No início de junho deste ano, Trump criticou as políticas tomadas pelo Brasil no combate à pandemia da Covid-19. Na ocasião, o presidente americano havia dito que os EUA teriam até dois milhões de mortos se tivessem seguido o mesmo caminho da Suécia no enfrentamento ao coronavírus. E citou o Brasil como exemplo de país com problemas. “Se você olhar para o Brasil, eles estão passando por grandes dificuldades. A propósito, eles vivem citando o exemplo da Suécia. A Suécia está passando por um momento terrível. Se tivéssemos feito isso, teríamos perdido um milhão, um milhão e meio, talvez até dois milhões ou mais de vidas”.

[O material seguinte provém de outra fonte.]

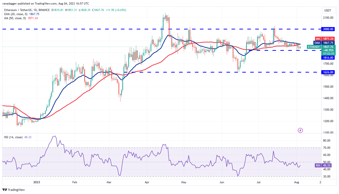 Ether (ETH) slumped below the 50-day simple moving average (SMA) of $1,871 on Aug. 2, which suggests that the bears are trying to gain the upper hand.
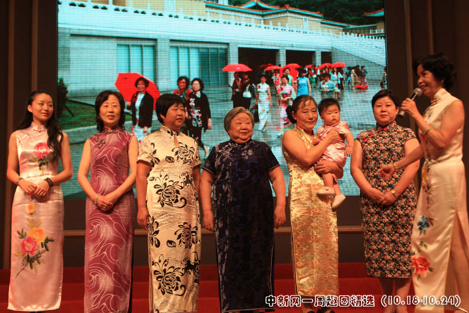 10月22日,上海一家庭七位女性,四代同堂登台演绎旗袍魅力,其中包括一岁女孩和七十七岁阿婆,成为当日《旗袍,向世博走来》大型汇报演示中最引人注目的一幕。中新社发 潘索菲 摄 >>点击观看详细内容
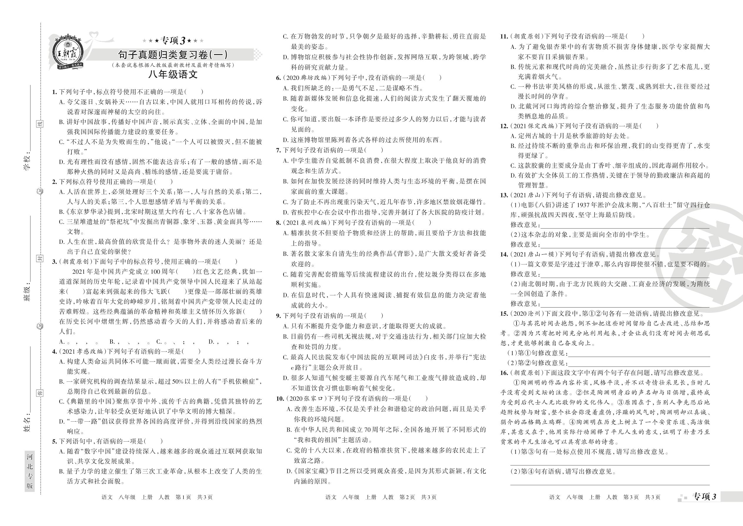 王朝霞期末专项卷——句子真题归类复习卷(一)八年级上册语文(人教版)【3】
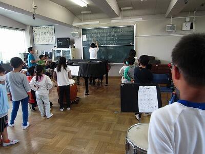 答えは後ろの奏者の弦楽器と取り替えるです。こどもたちは教師の話に耳を傾けて聞いていました。
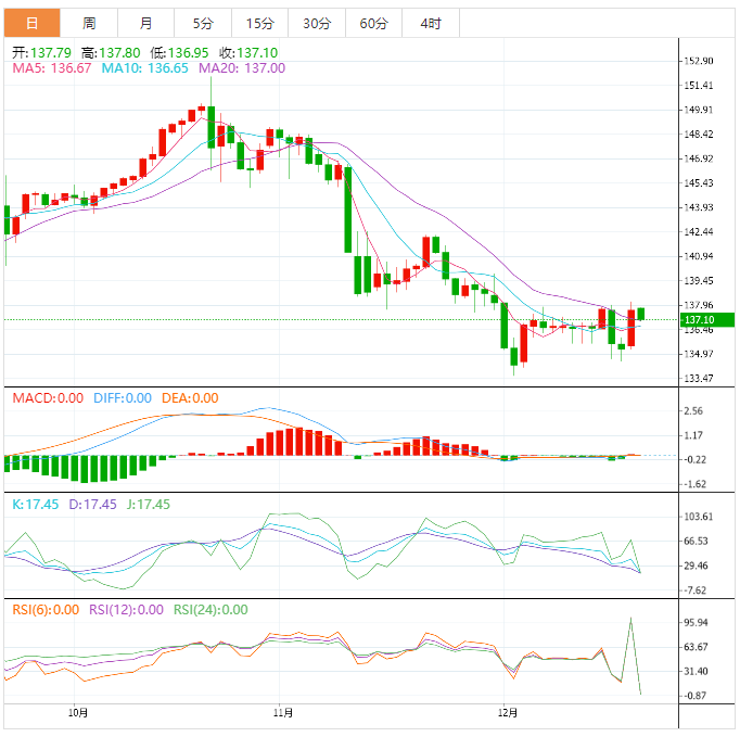 周五盘中,美元兑日元下跌至137.11,跌幅0.50%。

Em agosto, durante entrevista ao Axios, na HBO, Trump voltou a criticar o Brasil. “Se você assiste às fake news na televisão, eles nem falam sobre isso, mas você sabe, existem outros 188 países que estão sofrendo proporcionalmente muito mais do que nós, tão ruins quanto nós… Neste momento a Espanha está tendo um grande aumento, e há um tremendo problema no mundo. Você olha para Moscou, olha o que está acontecendo com Moscou, olhe para o Brasil, olha o que está acontecendo nestes países”.